Le bivouac dans les gorges : règles et incontournables
La nuit dans les gorges est réservée aux canoëistes qui effectuent la descente en deux jours. Deux emplacements officiels existent dans la réserve : la plage de Gaud et le bivouac de Gournier. Tous deux sont balisés, contingentés, et réservables depuis notre site.
Le bivouac sauvage est strictement interdit dans la réserve naturelle.
Pour les descentes en deux jours, la réservation du bivouac se fait directement depuis notre site. Retrouvez les détails du parcours sur notre page descente 2 jours avec bivouac et consultez nos tarifs et disponibilités pour choisir la formule adaptée.
Prêt·e à descendre les gorges ?
Questions fréquentes sur les gorges de l’Ardèche en canoë
Quelle est la différence entre le bivouac de Gaud et celui de Gournier ?
Les deux sont des emplacements officiels de la réserve, réservables depuis notre site.- Gaud est une plage de galets en fond de cuvette, idéale pour une première nuit en plein air.
- Gournier est plus engagé : situé au pied d’une falaise verticale, accessible uniquement par la rivière, à proximité d’une grotte.
Concerant la faune des gorges, y a-t-il des périodes où on risque de la déranger ?

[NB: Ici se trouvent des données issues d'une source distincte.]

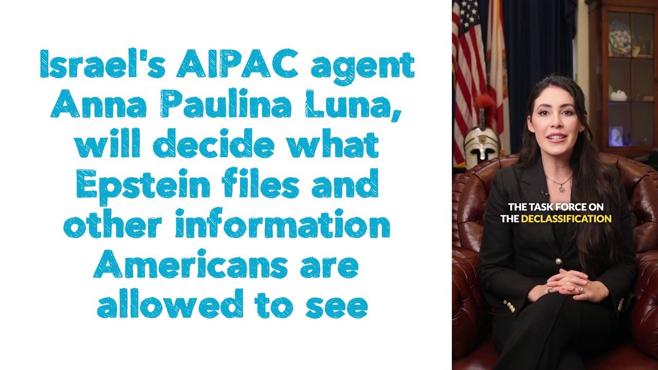 Israel's AIPAC agent Anna Paulina Luna, will decide what Epstein files and other information Americans are allowed to see.
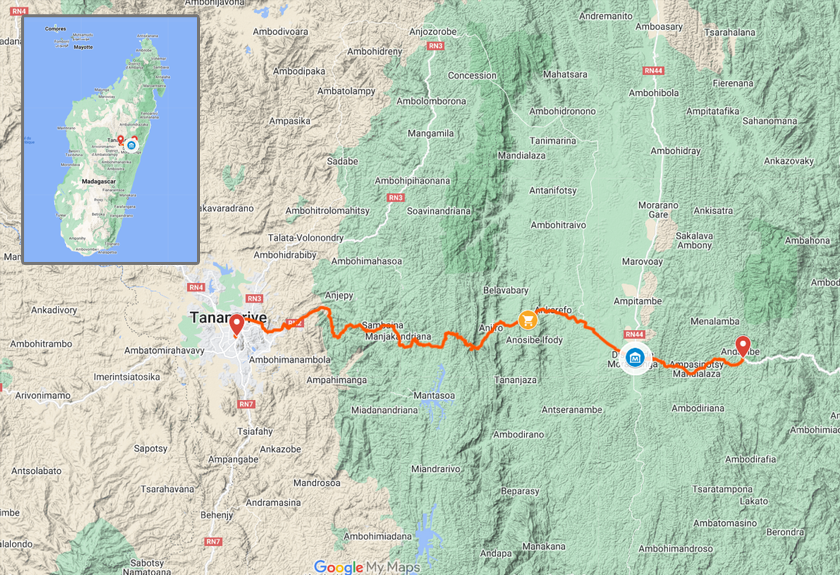 Musée de la Gendarmerie de Moramanga Tananarive Reserve Peyrieras Hotel Feon' Ny Ala Situation de l'étape du jour dans Madagascar
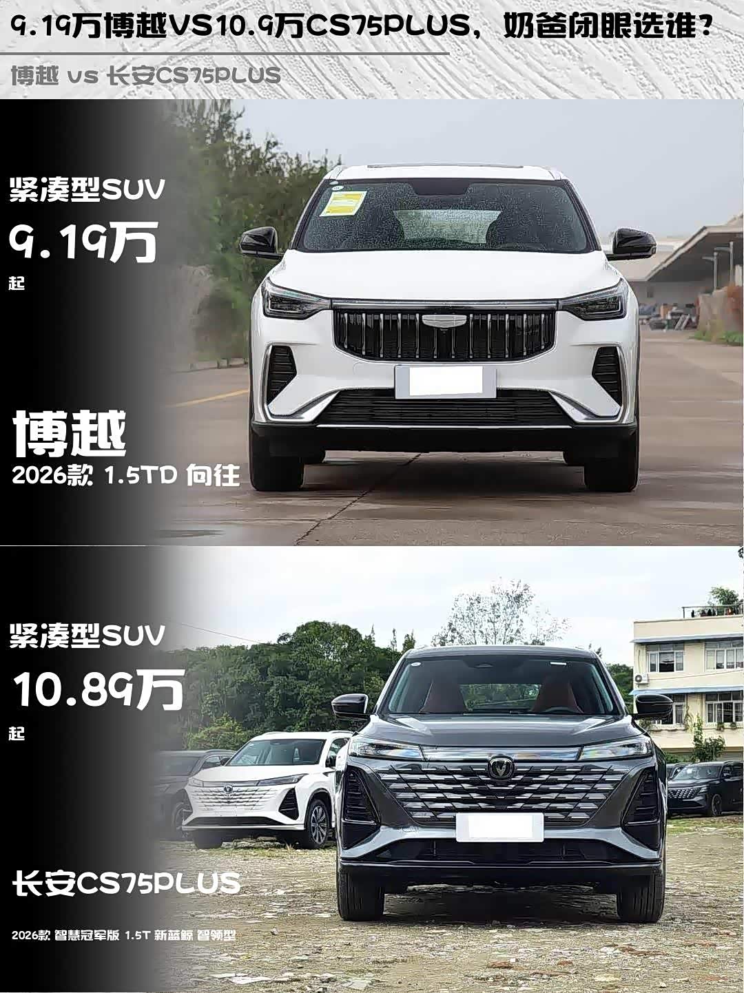 最近在选10万级家用SUV的朋友看过来!👀 深度对比两款热门选手——吉利博越2026款1.5TD向往和 长安CS75PLUS(参数|询价) 2026款智慧冠军版1.5T新蓝鲸智领型,实测干货分享来啦!💪

Avril-mai correspond à la période de nidification de plusieurs espèces, notamment le héron cendré et les rapaces des falaises.La descente reste praticable, mais les comportements comptent :
- Eviter les atterrissages sur les berges végétalisées non balisées
- Ne pas s’approcher des nids visibles dans les parois.

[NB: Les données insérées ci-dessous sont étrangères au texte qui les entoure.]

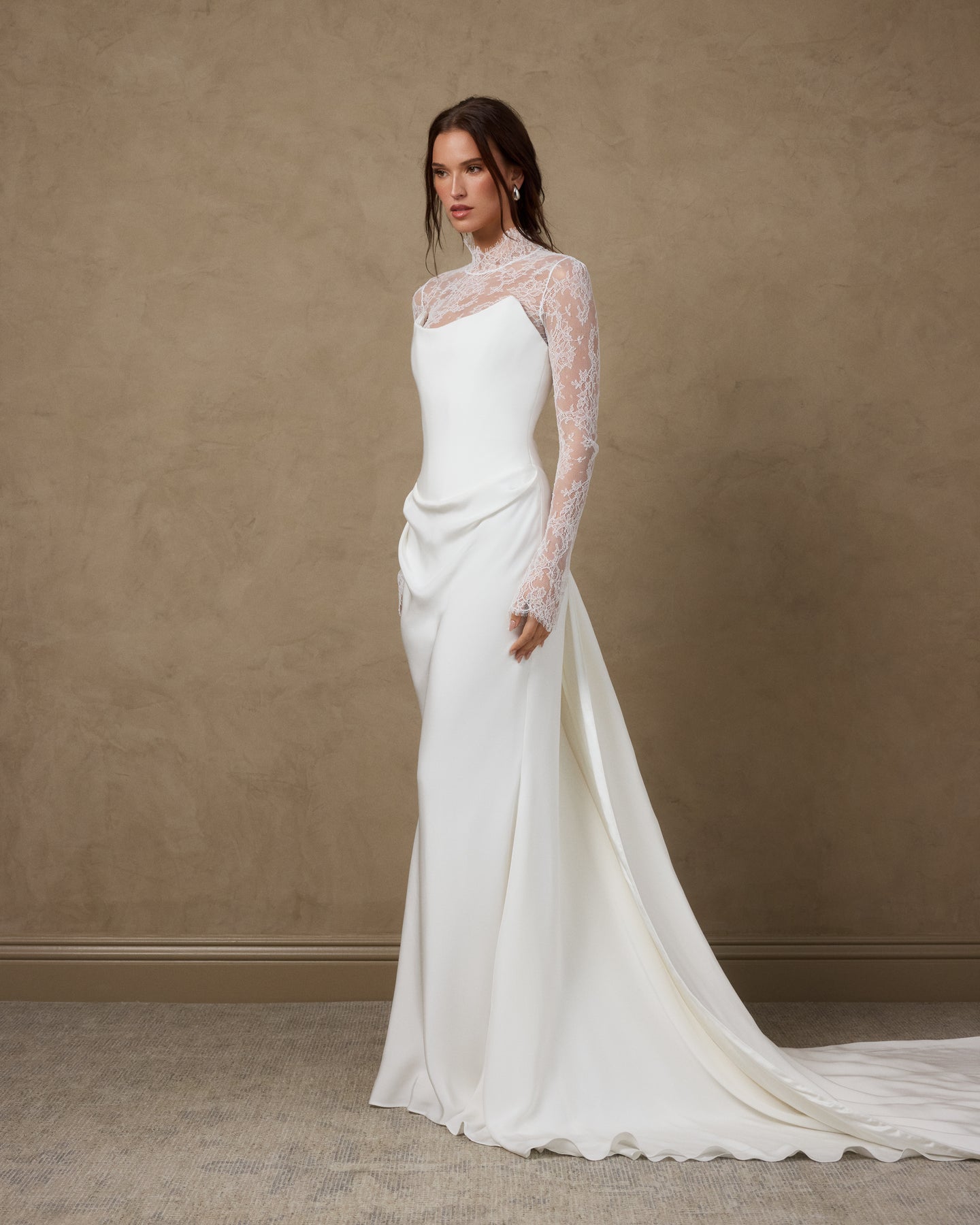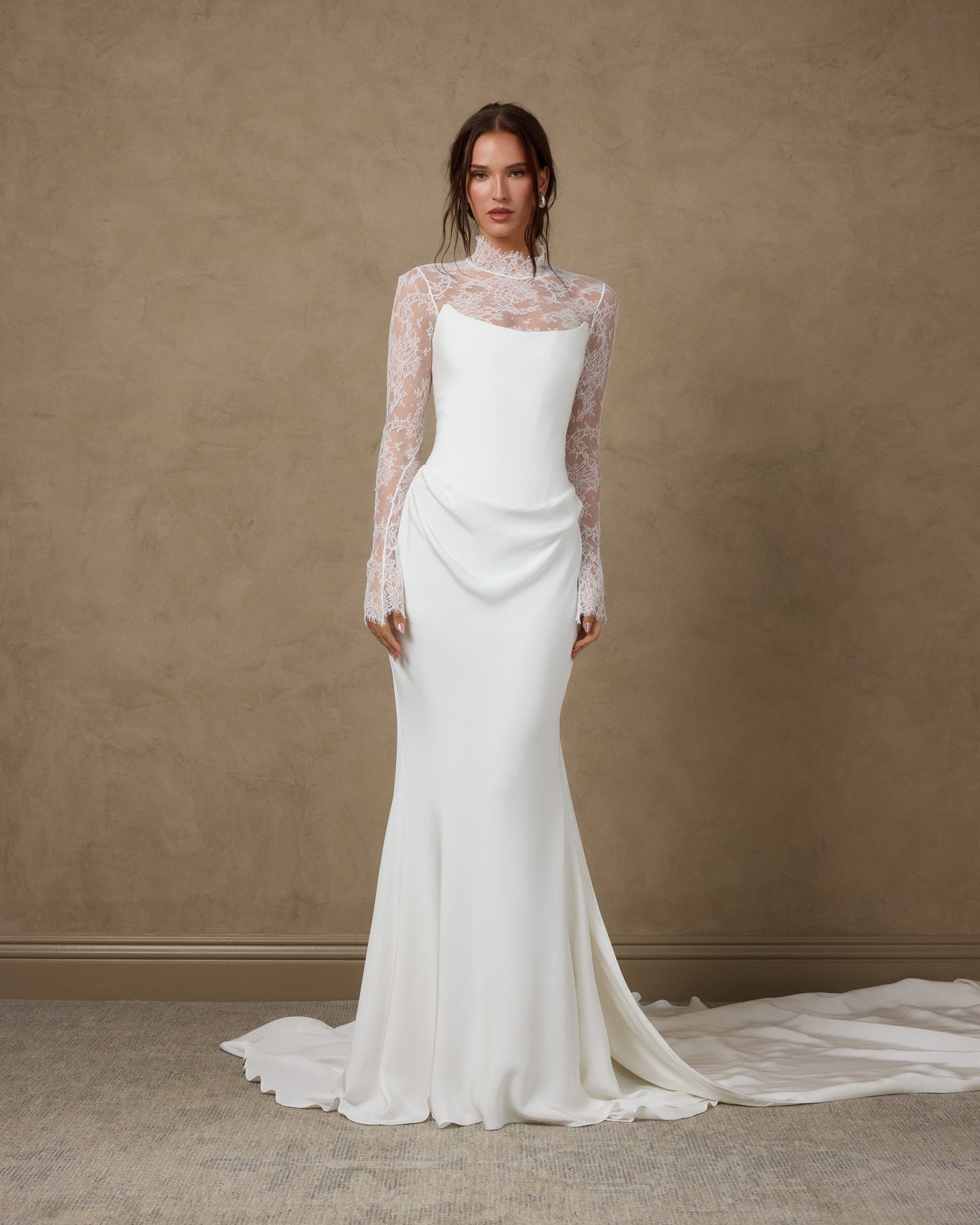 Silk crepe gown with a basque-waist corset and back lacing closure. A slim A-line skirt extends into a full train. Paired here with the Sage lace bodysuit.

Quelle distance sépare la mise à l’eau de la plage de Gaud ?
Environ 18 à 20 km selon le point de départ. Au rythme moyen d’une descente (pauses, courant modéré), cela représente 5 à 6 heures de navigation effective. Le niveau d’eau influe directement sur ce temps.

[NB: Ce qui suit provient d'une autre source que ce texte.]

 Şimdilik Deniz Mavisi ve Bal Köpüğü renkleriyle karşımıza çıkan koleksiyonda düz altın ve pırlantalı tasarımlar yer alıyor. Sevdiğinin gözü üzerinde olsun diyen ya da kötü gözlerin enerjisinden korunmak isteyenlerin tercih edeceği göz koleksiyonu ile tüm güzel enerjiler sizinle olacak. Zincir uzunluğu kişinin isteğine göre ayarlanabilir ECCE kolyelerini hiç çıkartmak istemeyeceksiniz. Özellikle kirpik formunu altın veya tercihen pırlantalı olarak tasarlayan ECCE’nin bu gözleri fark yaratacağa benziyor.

Comment savoir si le niveau de l’Ardèche est praticable avant de partir ?
Le débit est consultable en temps réel sur Vigicrues (station de Vallon-Pont-d’Arc).
- En dessous de 10 m³/s, certains passages sont très peu profonds.
- Au-dessus de 150 m³/s, la descente est suspendue par les autorités de la réserve.
- La zone praticable se situe entre ces deux seuils.
On n’a jamais pagayé de notre vie, les rapides sont vraiment gérables ?
Oui. Les rapides des gorges sont cotés classe I à II maximum, accessibles sans expérience préalable. Une initiation est proposée au départ pour maîitriser les bases en 15 minutes. La grande majorité des groupes est composée de débutants.Combien de temps à l’avance faut-il réserver en juillet-août ?
Les emplacements de bivouac sont contingentés et les places partent tôt.- Pour juillet et la première quinzaine d’août, comptez 4 à 6 semaines minimum.
- En juin et septembre, une semaine suffit généralement.
Réserve naturelle nationale des gorges de l’Ardèche — Décret n°80-750 du 27 septembre 1980
Wikipedia — Gorges de l’Ardèche (consulté en 2026)
Wikipedia — Pont d’Arc (consulté en 2026)
Département de l’Ardèche — Préservation et mise en valeur du Pont d’Arc
INPN — Fiche “Gorges de l’Ardèche”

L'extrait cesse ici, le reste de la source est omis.